(Given records Opens)

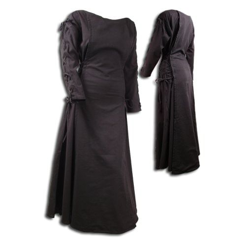 Čierne šaty s dlhými rukávmi vyrobené z bavlneného plátna, opatrené bočným šnurovanie pre perfektné vytvarovanie na ženskej postave. Ideálne larpový kostým čarodejnice, kňažky či asasínky. K dispozicii vo veľkosti S, L a M
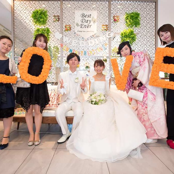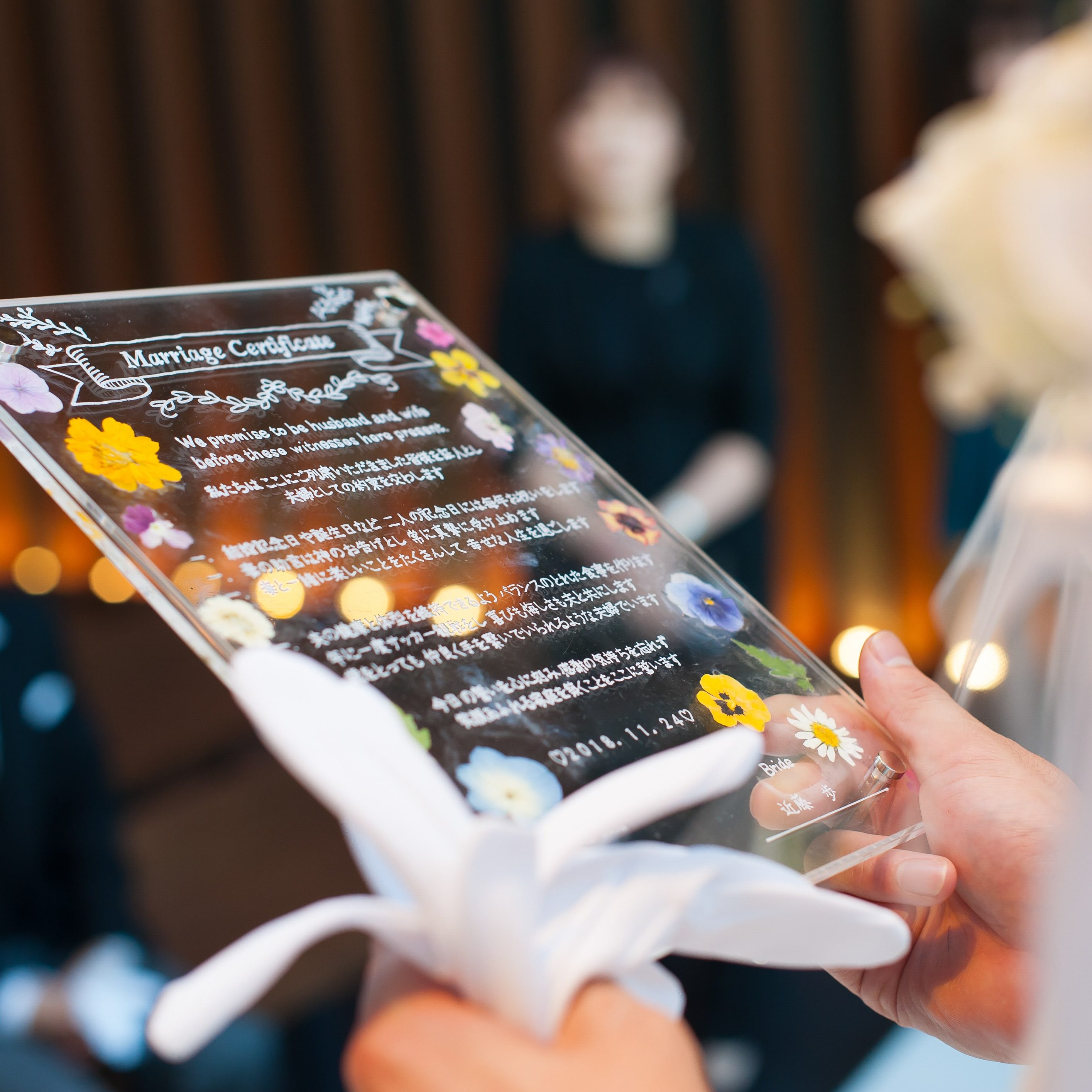 人前式では、オリジナルの結婚誓約書やリングボーイ・フラワーガールの登場であたたかい雰囲気の中行うことができました。アフターセレモニーの後に写真撮影の時間を設けたのですが、ゲストの方と話をしたりお気に入りの装飾の前で写真を撮ることができて、短い時間ではありましたがやってよかったと思っています。
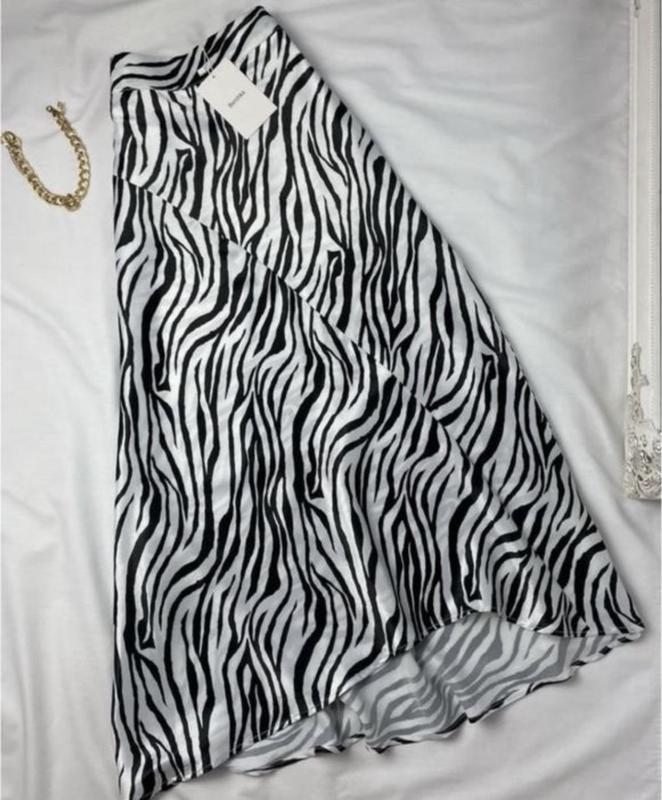 Спідниця міді довга принт зебра тваринний ассиметрична сатинова атлас
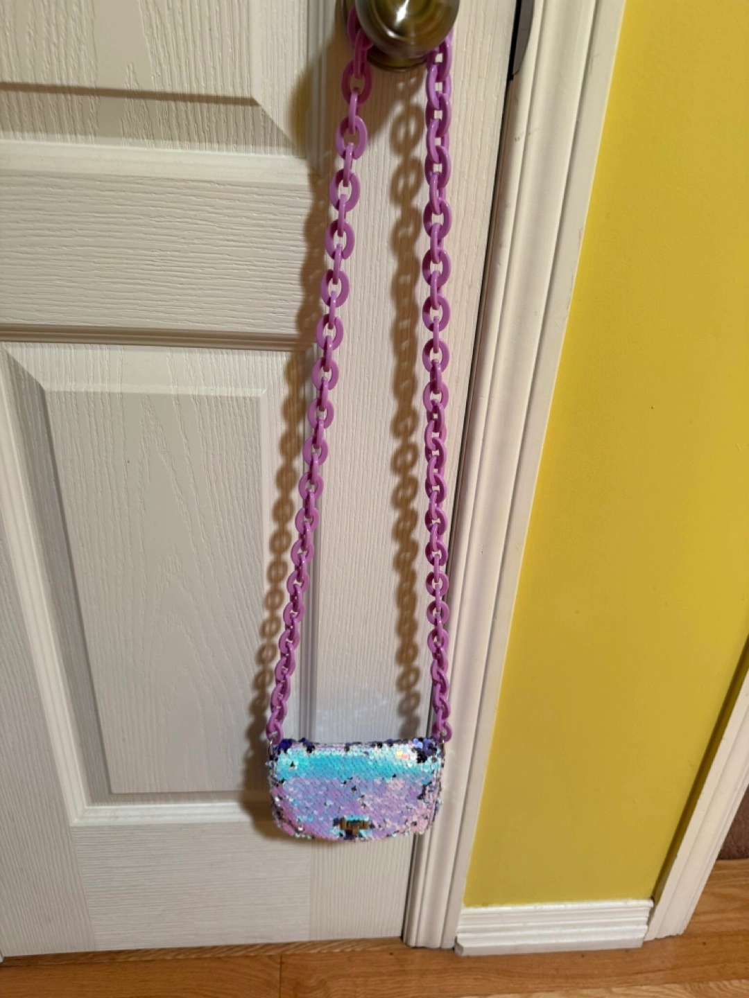 194Super cute sequin purse with a pastel colour scheme and a lilac chain strap! Perfect for a little one to carry their treasures around in
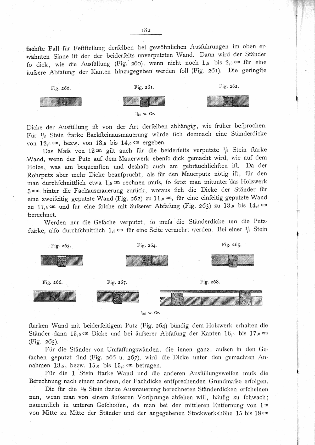fachste Fall für Feststellung derselben bei gewöhnlichen Ausführungen im oben erwähnten Sinne ist der der beiderseits unverputzten Wand. Dann wird der Ständer so dick, wie die Ausfüllung (Fig. 260), wenn nicht noch 1,5 bis 2,0cm für eine äußere Abfasung der Kanten hinzugegeben werden soll (Fig. 261). Die geringste Dicke der Ausfüllung ist von der Art derselben abhängig, wie früher besprochen. Für 1/2 Stein starke Backsteinausmauerung würde sich demnach eine Ständerdicke von 12,0cm, bezw. von 13,5 bis 14,0cm ergeben.

(Given records Closes)

◆ **Task goal**: Copy nothing but the lines above from the one with "人前式では、オリジナルの結婚" to the one with "194Super cute sequin", inclusive, word for word. Leave every picture out.

◆ **Answer for the task**:
 人前式では、オリジナルの結婚誓約書やリングボーイ・フラワーガールの登場であたたかい雰囲気の中行うことができました。アフターセレモニーの後に写真撮影の時間を設けたのですが、ゲストの方と話をしたりお気に入りの装飾の前で写真を撮ることができて、短い時間ではありましたがやってよかったと思っています。
 Спідниця міді довга принт зебра тваринний ассиметрична сатинова атлас
 194Super cute sequin purse with a pastel colour scheme and a lilac chain strap! Perfect for a little one to carry their treasures around in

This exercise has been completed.